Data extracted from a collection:

================

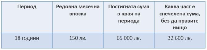 Сумите са изчислени при прогноза за спестовен план, базиран на взаимен фонд с инвестиция в акции (7%).
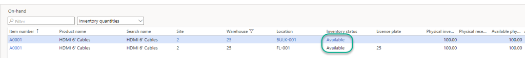 Before we go into the “ Inventory status change” screen we can have a look at the current Inventory on hand for the warehouse “25”. There are 100 quantities in two different locations for the Item “A0001” and most importantly the Inventory Status is “Available“.
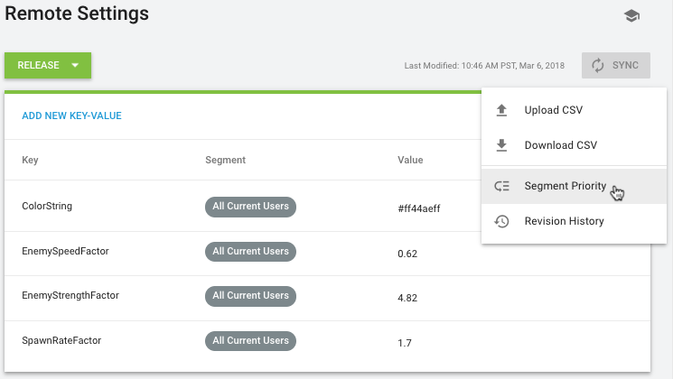 Each Remote Setting consists of a key, a default value, and, optionally, segmented values. When a setting contains segmented values, the segments that the current player is in determine which values are included in the configuration. If more than one segment applies, the configuration includes the value from the highest priority segment.
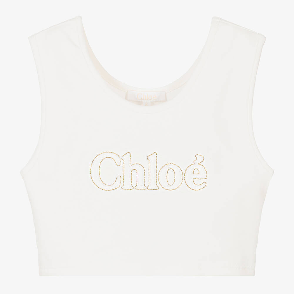 Cropped ivory sleeveless vest top for teen girls by luxury French designer Chloé, with an eye-catching embroidered logo on the front in white and glittery gold. Made in soft, comfortable organic cotton jersey, it is ideal for adding a stylish, designer touch to casual wardrobes.
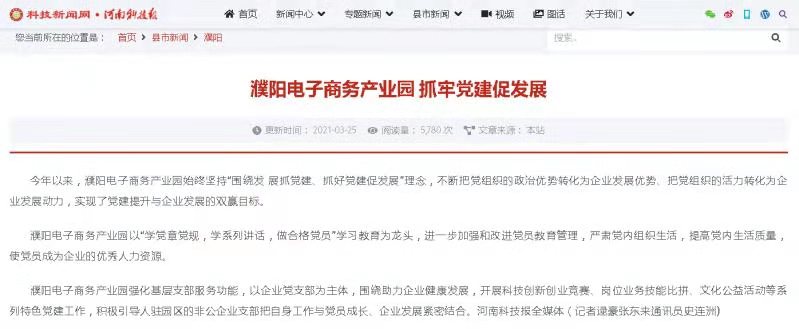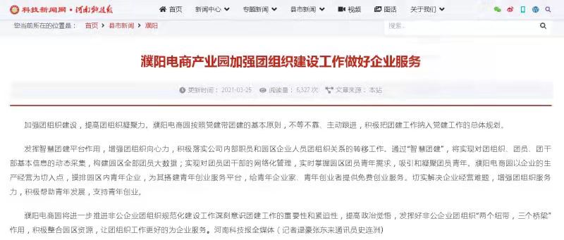 感谢河南科技报对电商园党建团建宣传工作的大力支持,电商园将坚持抓牢党建、加强团建,把党、团组织的政治优势转化为企业发展的不竭动力,为企业做好服务工作。

================

Each line of the data should be quoted exactly, with pictures left out.

 Сумите са изчислени при прогноза за спестовен план, базиран на взаимен фонд с инвестиция в акции (7%).
 Before we go into the “ Inventory status change” screen we can have a look at the current Inventory on hand for the warehouse “25”. There are 100 quantities in two different locations for the Item “A0001” and most importantly the Inventory Status is “Available“.
 Each Remote Setting consists of a key, a default value, and, optionally, segmented values. When a setting contains segmented values, the segments that the current player is in determine which values are included in the configuration. If more than one segment applies, the configuration includes the value from the highest priority segment.
 Cropped ivory sleeveless vest top for teen girls by luxury French designer Chloé, with an eye-catching embroidered logo on the front in white and glittery gold. Made in soft, comfortable organic cotton jersey, it is ideal for adding a stylish, designer touch to casual wardrobes.
 感谢河南科技报对电商园党建团建宣传工作的大力支持,电商园将坚持抓牢党建、加强团建,把党、团组织的政治优势转化为企业发展的不竭动力,为企业做好服务工作。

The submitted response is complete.